# Measuring succes of Voice Activity Detection algorithms. HR0 and HR1

Posted on Fri 06 February 2015 in Notes

When measuring the effectiveness of a Voice Activity Detection algorithm (VAD) looking at 0-1 accuracy is rarely enough. We typically also look at Nonspeech Hit Rate (HR0) and Speech Hit Rate (HR1).

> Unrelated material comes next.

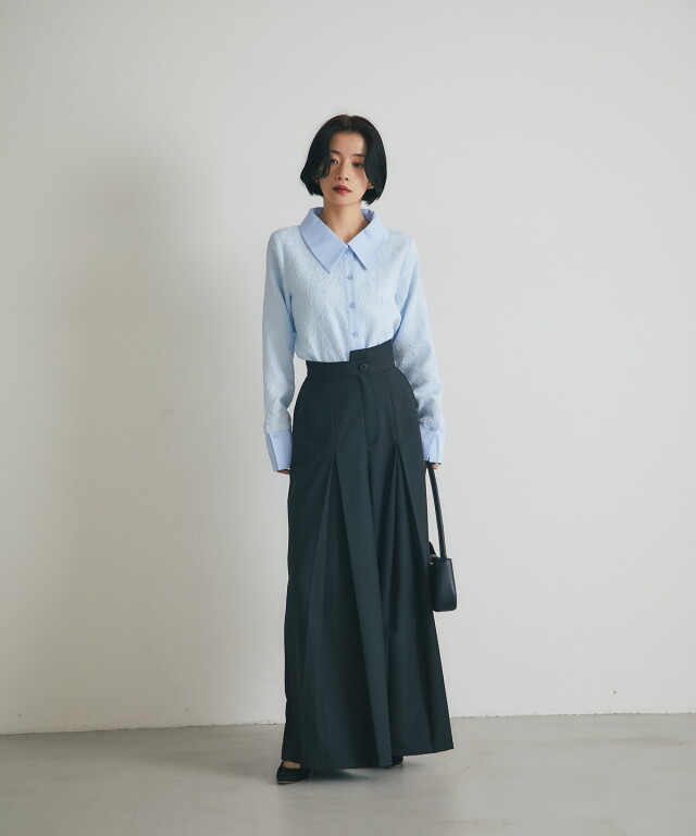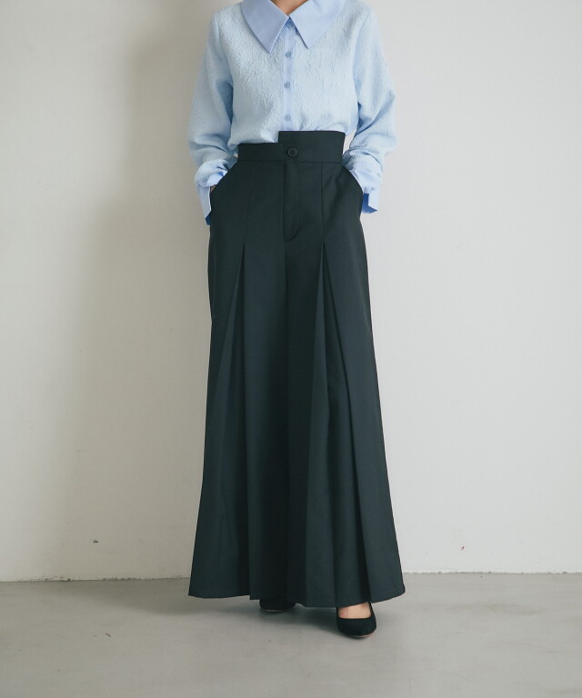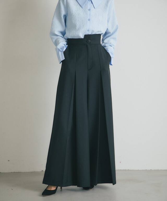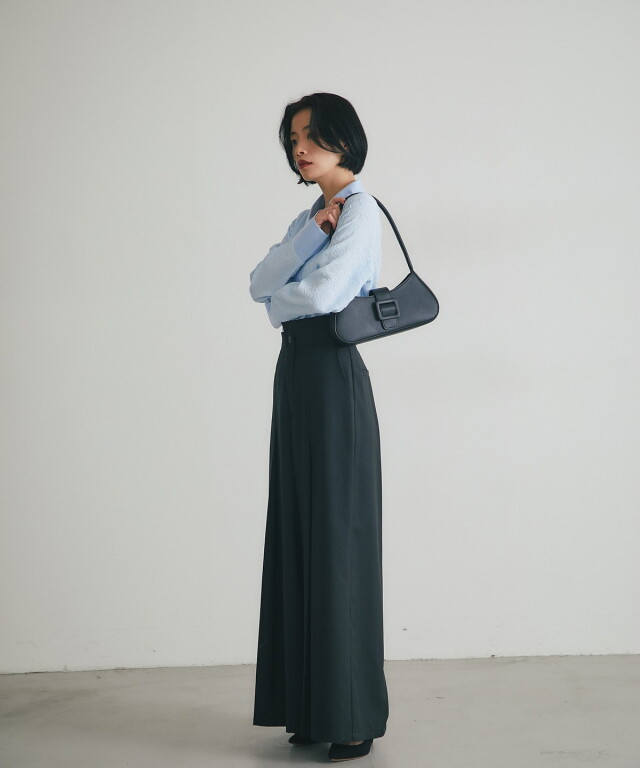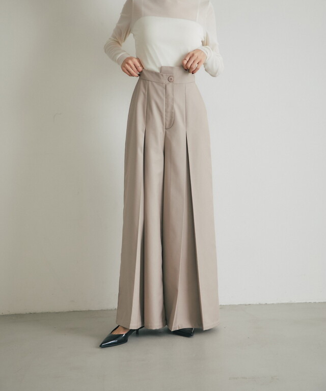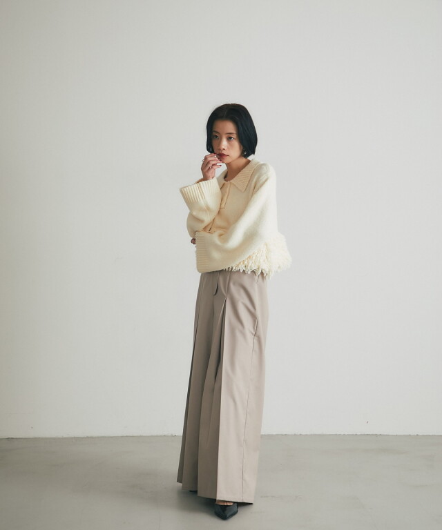 高低差のあるウエストデザインが特徴のエッジプリーツパンツ。 後ろウエストはゴム仕様で、履き心地が快適ながらもフロントはすっきりとした印象に仕上げています。 シャープなプリーツラインが脚を美しく見せ、シンプルなトップスと合わせるだけで都会的で洗練されたスタイルに。 デイリーからオフィスまで、こなれたモードコーデを叶える一枚です。 |

1. HR0 is computed as the ratio of the number of correctly detected nonspeech frames to the number of real nonspeech frames.
2. HR1 is computed as the ratio of the number of correctly detected speech frames to the number of real speech frames.

Park et al. 2014 

Another way to put it is _the percentage of nonspeech and speech frames that are correctly predicted. In Python, this can be calculated in the following way:

```import numpy as np

# Find nonspeech and speech hit rates:
index0 = np.where(y ==0)
index1 = np.where(y ==1)

hr0 = (y_hat[index0] == y[index0]).mean()
hr1 = (y_hat[index1] == y[index1]).mean()
```

First we create 2 indexes of y using numpy's `where()` function (see more). `index0` is a vector of all the positions of y that represents a silent frame in our data. Say `y = [0,0,0,1,1,0]`, then `index0 = [0,1,2,5]`, since `y = y = y = y = 0.`

this means that

```print y[index0]
# -> [0,0,0,0]
```

Which in and of itself is not interesting. However, we can use the same index to pull out all the predictions in ŷ and compare them to the ground-truth in y

```y_hat[index0] == y[index0]
# -> (True, True, False ... , dtype=bool)
```

This gives us a new array of the same dimensions with boolean `True` or `False` values. Each `True` represents a correct prediction and each `False` an incorrect. A neat python trick is that boolean values are treated as 0 and 1, so we can take the mean of this boolean result array to get the ratio between correct and incorrect prediction using the `.mean()` function.

 Park, Jinsoo, Wooil Kim, David K. Han, and Hanseok Ko. “Voice Activity Detection in Noisy Environments Based on Double-Combined Fourier Transform and Line Fitting.” The Scientific World Journal 2014 (August 6, 2014): e146040. doi:10.1155/2014/146040.